Trump: I have not abandoned the Kurds
Turkey says northeast Syria invasion plans complete
US President Donald Trump insisted on Tuesday that he had not abandoned Kurdish fighters in northeast Syria as Turkey said its preparations for a crossborder invasion were complete.
The new crisis began when Trump ordered US troops to begin pulling out on Monday from their posts in a crucial area of the Turkey-Syria border, apparently giving a green light for Turkey to launch long-planned operations inside Syria against the Kurdish militias of the People’s Protection Units (YPG), which it views as terrorists.
Trump’s decision provoked a backlash in Washington because the YPG are the main component of the Syrian Defense Forces (SDF), who fought alongside US troops to drive Daesh out of Syria.

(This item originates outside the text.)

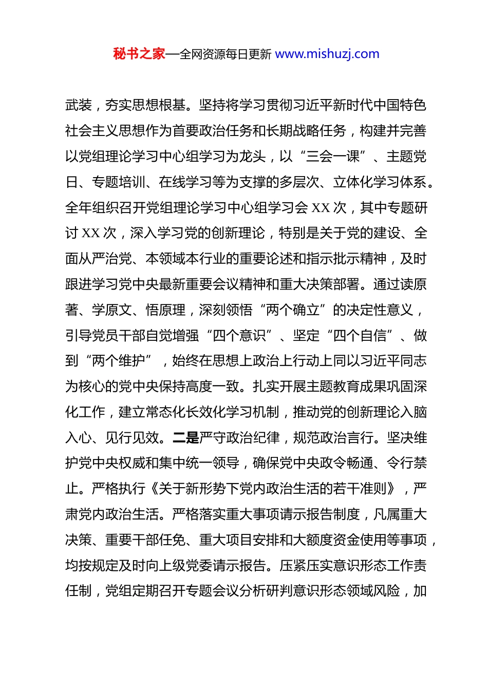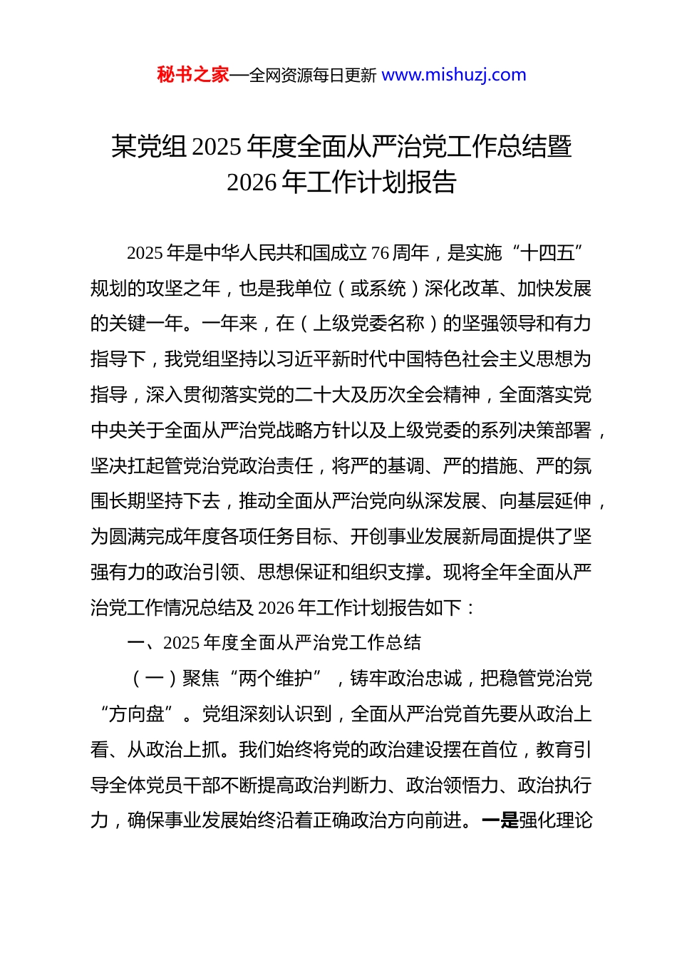 秘书之家—全网资源每日更新 www.mishuzj.com某党组 2025 年度全面从严治党工作总结暨2026 年工作计划报告 2025 年是中华人民共和国成立 76 周年,是实施“十四五”规划的攻坚之年,也是我单位(或系统)深化改革、加快发展的关键一年。一年来,在(上级党委名称)的坚强领导和有力指导下,我党组坚持以习近平新时代中国特色社会主义思想为指导,深入贯彻落实党的二十大及历次全会精神,全面落实党中央关于全面从严治党战略方针以及上级党委的系列决策部署,坚决扛起管党治党政治责任,将严的基调、严的措施、严的氛围长期坚持下去,推动全面从严治党向纵深发展、向基层延伸,为圆满完成年度各项任务目标、开创事业发展新局面提供了坚强有力的政治引领、思想保证和组织支撑。现将全年全面从严治党工作情况总结及 2026 年工作计划报告如下:一、2025 年度全面从严治党工作总结(一)聚焦“两个维护”,铸牢政治忠诚,把稳管党治党“方向盘”。党组深刻认识到,全面从严治党首先要从政治上看、从政治上抓。我们始终将党的政治建设摆在首位,教育引导全体党员干部不断提高政治判断力、政治领悟力、政治执行力,确保事业发展始终沿着正确政治方向前进。一是强化理论秘书之家—全网资源每日更新 www.mishuzj.com武装,夯实思想根基。坚持将学习贯彻习近平新时代中国特色社会主义思想作为首要政治任务和长期战略任务,构建并完善以党组理论学习中心组学习为龙头,以“三会一课”、主题党日、专题培训、在线学习等为支撑的多层次、立体化学习体系。全年组织召开党组理论学习中心组学习会 XX 次,其中专题研讨 XX 次,深入学习党的创新理论,特别是关于党的建设、全面从严治党、本领域本行业的重要论述和指示批示精神,及时跟进学习党中央最新重要会议精神和重大决策部署。通过读原著、学原文、悟原理,深刻领悟“两个确立”的决定性意义,引导党员干部自觉增强“四个意识”、坚定“四个自信”、做到“两个维护”,始终在思想上政治上行动上同以习近平同志为核心的党中央保持高度一致。扎实开展主题教育成果巩固深化工作,建立常态化长效化学习机制,推动党的创新理论入脑入心、见行见效。二是严守政治纪律,规范政治言行。坚决维护党中央权威和集中统一领导,确保党中央政令畅通、令行禁止。严格执行《关于新形势下党内政治生活的若干准则》,严肃党内政治生活。严格落实重大事项请示报告制度,凡属重大决策、重要干部任免、重大项目安排和大额度资金使用等事项,均按规定及时向上级党委请示报告。压紧压实意识形态工作责任制,党组定期召开专题会议分析研判意识形态领域风险,加秘书之家—全网资源每日更新 www.mishuzj.com强对本单位(系统)网站、刊物、讲座、论坛、新媒体平台等各类阵地的建设和管理,严把政治关、内容关、导向关,旗帜鲜明反对和抵制各种错误观点和思潮,牢牢掌握意识形态工作领导权主动权。教育引导党员干部自觉规范线上线下政治言行,不准散布违背党的理论和路线方针政策的言论,不准制造、传播政治谣言及丑化党和国家形象的言论。三是强化政治监督,保障决策部署落地。将贯彻落实习近平总书记重要指示批示精神和党中央重大决策部署作为政治监督的首要任务,建立台账管理、督查问责机制。围绕(结合本单位实际,列举 1-2 项重大国家战略或上级重点任务,例如:服务高质量发展、深化改革开放、防范化解重大风险等)开展专项监督检查,确保执行不偏向、不变通、不走样。加强对民主生活会、组织生活会查摆问题整改落实情况的监督,推动党内政治生活严起来、实起来。严明换届纪律,确保(如有)换届工作风清气正。(二)聚焦组织赋能,夯实基层基础,建强管党治党“战斗堡垒”。党组牢固树立大抓基层的鲜明导向,以提升组织力为重点,突出政治功能,着力把基层党组织建设成为有效实现党的领导的坚强战斗堡垒。一是健全组织体系,提升覆盖质量。优化基层党组织设置,确保党的组织和工作全覆盖、无盲区。结合机构改革、业务调整等情况,及时新建、调整、撤销党支秘书之家—全网资源每日更新 www.mishuzj.com部,选优配强党支部书记。深化党支部标准...

The president appeared to backtrack on Tuesday, and defended the YPG. “We may be in the process of leaving Syria, but in no way have we abandoned the Kurds, who are special people and wonderful fighters,” he said. Trump did not say he opposed any operation by Turkey against the Kurds, but warned that “unforced or unnecessary fighting” would lead to “devastating” consequences for the Turkish economy.
Nevertheless, Turkey’s Defense Ministry said preparations for an offensive in northern Syria “have been completed,” and President Recep Tayyip Erdogan said it could “come any night, without warning.”
The Assad regime has welcomed the upheaval as an opportunity to bring the Kurds back into its fold. They had been “tossed aside” by Washington, Deputy Foreign Minister Faisal Mekdad said. Analysts speculated that Russia would probably support attempts by the regime to regain control of parts of Syria not seized by Turkey, and a military operation against Syrian Kurds may pave the way for a Russian-brokered deal between Damascus, Turkey and the Kurds.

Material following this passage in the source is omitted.